This study is the first pilot randomized controlled study to use SampEn of cadence and effort combined with IMU sensors to evaluate the potential implications of an adaptive cycling program for individuals with PD. The incorporation of IMU sensors allowed for continuous, objective monitoring of motor function and mobility throughout the intervention, providing a more precise and detailed understanding of how participants responded to the PSADC paradigm. Not only did participants show greater improvement in PD motor function and functional mobility, but they also showed less heterogeneity in responses than the NA group. Our findings suggest that a data-driven, individualized exercise rehabilitation plan, supported by IMU sensor data, can improve and potentially maximize the effects of dynamic cycling exercise on PD motor function and mobility. For future research, we plan to conduct a larger double-blind RCT to validate these findings further. This approach will enhance the scientific validity and provide more strong evidence for the PSADC protocol. Additionally, we plan to update the PSADC algorithms using signal processing for feature extraction and machine learning (for feature selection, developing a predictive model, and optimization to maximize individualized benefits) and a larger dataset and examine the application of both within session and session to session-to-session PSADC optimizations to enhance motor function improvement. The continued integration of IMU sensor data into the PSADC paradigm will enable us to provide a more accurate, immediate, and patient-specific exercise prescription model for individuals with PD.

6. Patents

Angela Ridgel and Kenneth Loparo are co-inventors on two patents that are related to the device used in this study: “Bike System for Use in Rehabilitation of a Patient”, US 10,058,736.

Acknowledgments

The authors would like to thank Hassan Abdar (CTI Sensors) for building the dynamic cycle used in this study and providing technical support.

Author Contributions

Y.K.: data collection, statistical analysis, writing—original draft. B.E.S.: data collection, writing—review and editing. L.S.: data collection, writing—review and editing. K.A.L.: study design, funding acquisition, writing—review and editing. A.G.S.: study design, participants recruitment, funding acquisition, Writing—review and editing. A.L.R.: Study design, funding acquisition, project administrations and supervision, writing—review and editing. All authors have read and agreed to the published version of the manuscript.

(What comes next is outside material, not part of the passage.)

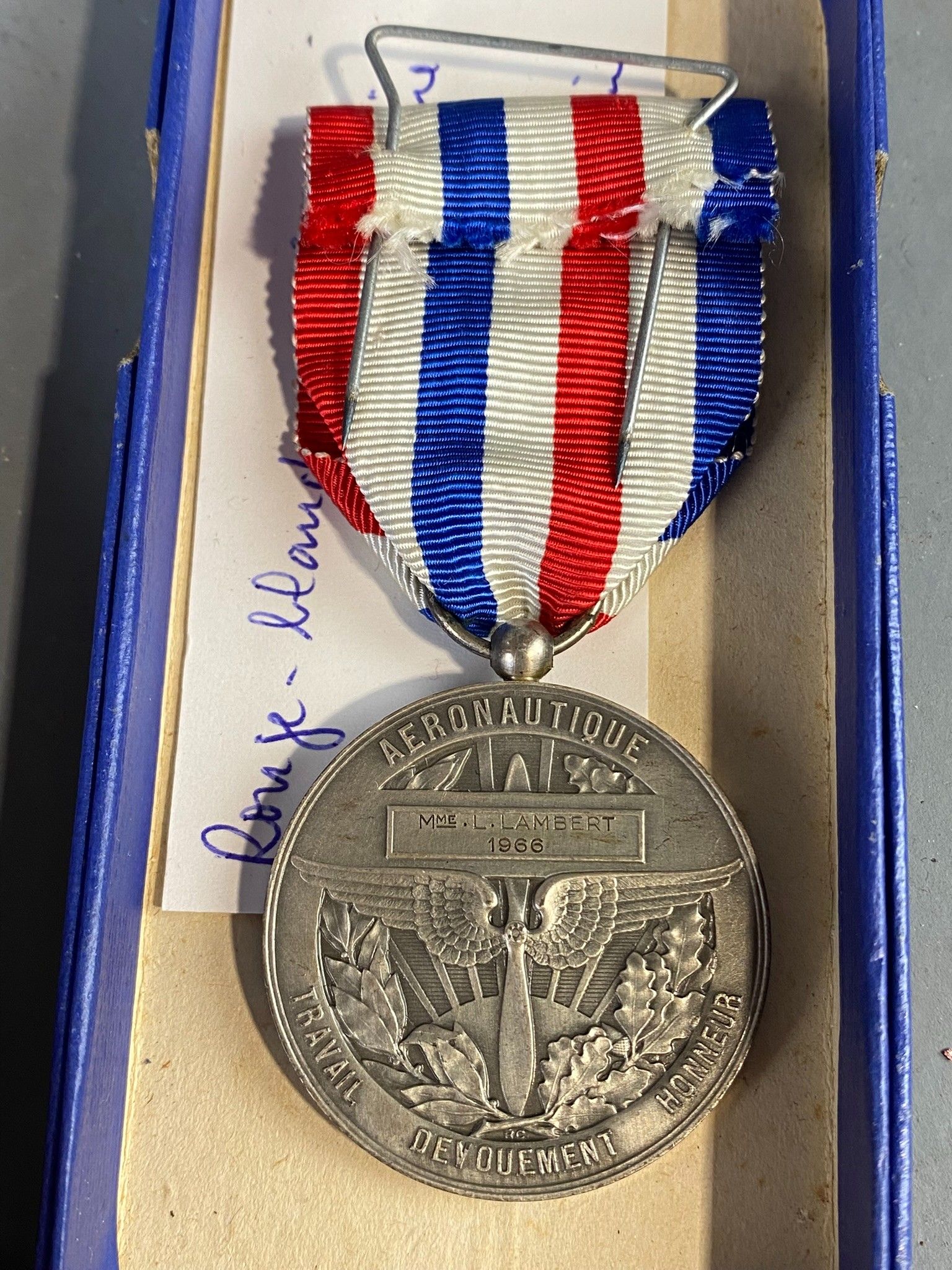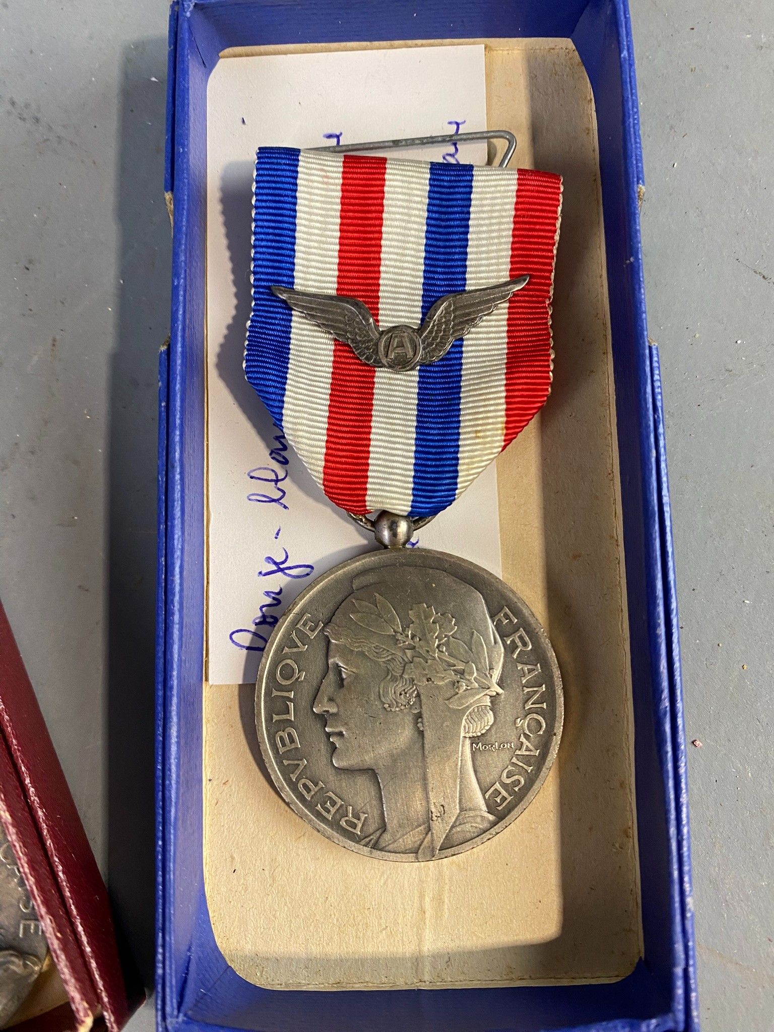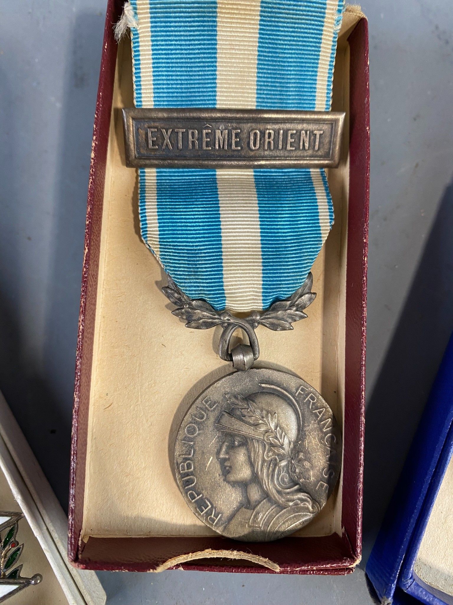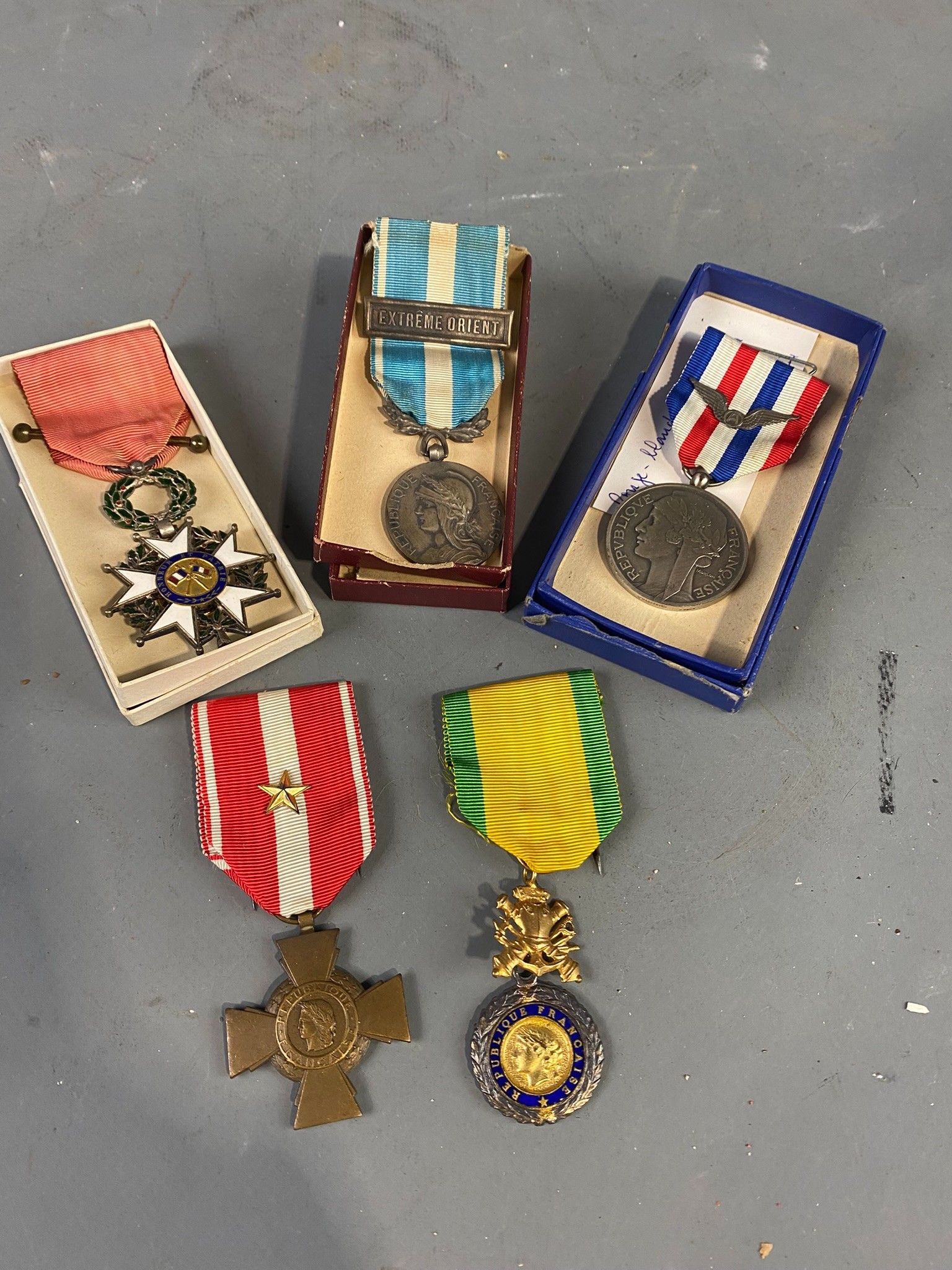 Batch of medals: a Légion d'Honneur, a military medal, a military valour cross, a Far East medal and an aviation medal.

Institutional Review Board Statement

The study was conducted in accordance with the Declaration of Helsinki and approved by the Institutional Review Board of Kent State University (protocol number #87, approved March 2022).

Informed Consent Statement

Written informed consent was obtained from all subjects involved in the study.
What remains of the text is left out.